While labels were backing off, the artists on Choice were characteristically fearless. “Artists were excited to participate,” remembers Hermelin. “All the creative talent around this was incredibly positive — Joan Jett and L7 were great. I knew L7 from living in Silver Lake and Echo Park in the ‘90s.”
A ferocious live version of “Cherry Bomb” was in fact recorded for the album. Hermelin explains they had worked with the Feminist Majority Foundation who hosted the Rock for Choice benefit concert series — one of which at the Palladium being where “Cherry Bomb” was recorded.
Hermelin even directed a music video for “Cherry Bomb,” which was one of the only songs from the initially reported lineup to be released on Spirit of ’73: Rock for Choice, the benefit album that was finally released in August 1995. (The album is not available on streaming services and can be found on YouTube only in fragments.) Babes in Toyland, Sarah McLachlan, the Indigo Girls, Sophie B. Hawkins, Letters to Cleo, and Roseanne Cash are among the artists who provided songs for Spirit of ’73. Eventually, Concrete Blonde’s Johnette Napolitano dropped “Dancing Barefoot” on the 1995 film The Basketball Diaries‘ soundtrack, and Kim Gordon released “Oh Bondage!
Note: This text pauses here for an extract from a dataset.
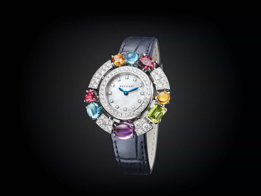 Por su parte, el Allegra rediseñado es un ejemplo deslumbrante del enfoque audaz de Bvlgari hacia los relojes de joyería. Una vivaz selección de piedras preciosas de diferentes cortes y formas (citrinos, amatistas, peridoto, topacio azul y rodolita) se colocan en órbita alrededor de la esfera de nácar, creando una impresionante exhibición de brillo. En contraste con el brillo de más de 80 diamantes, la fascinante mezcla de piedras preciosas facetadas y cabujón forma un resplandeciente halo de piedras que se mueve suavemente gracias a los engastes de metal elaborados por expertos. Disponible en oro blanco o rosa, ambas versiones ahora se presentan con correa de cocodrilo, lo que lo convierte en un reloj de cóctel que se puede usar todo el día.

Up Yours!” with Pussy Galore‘s Julie Cafritz in their band Free Kitten. Tom Tom Club released “Love to Love You Baby,” sans Debbie Harry, in 2000, but the B-52’s song remains unreleased.
“It ultimately was not released by an American record company, because American record companies did not want to put their companies at risk by touching a hot topic like abortion, even though abortion was a federally guaranteed right at that point,” says Hermelin. “Sony Music, which is a Japanese owned company, decided to put it out. That itself was interesting: It was ultimately not an American company that bought it out.”
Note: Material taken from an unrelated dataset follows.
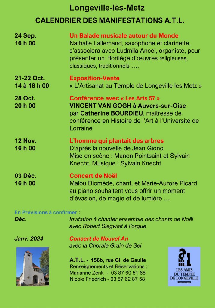Le patrimoine chez nos voisins Posté le 31 octobre 2024 par Anne-Marie En Pays messin, et ailleurs… L’agenda des acteurs de l’histoire et du patrimoine en Grand Est (Lien) La Sixtine de la Seille (peintures de l’église de Sillegny) Lorry-lès-Metz au fil du temps – Les annonces des associations

Hermelin explains that they never anticipated for the release to be “so challenging,” citing the “Cop Killer” fiasco as just “one blip in the wider challenges of trying to sell the album.” Ultimately, even though artists were committed to it, it took upwards of five years since the inception of the project to finally put it out into the world.
Despite the tumultuous process, Hermelin has stayed active in abortion rights and social justice, currently working with Gutsy Media and Wake Up and Vote, which recently released a reproductive health campaign. “It’s incredibly important to normalize this medical procedure for people,” says Hermelin, who sees hope with some of the newer pro-abortion rights artists. “I absolutely think somebody like Phoebe Bridgers or Halsey should continue to stand for the values … They’re in the business of being true to their art, and true to their values within their art. If they’re looking to open up dialogues of values within their art then I think that’s something great, too. I think we need to be inviting more people into these conversations to not continue to polarize around issues, but to create connected values.”
“Reproductive health is not a left or right issue — I think reproductive health is a human issue, for families, for everybody,” says Hermelin. “I welcome young artists doing more of this. They should start a whole new Rock for Choice series.”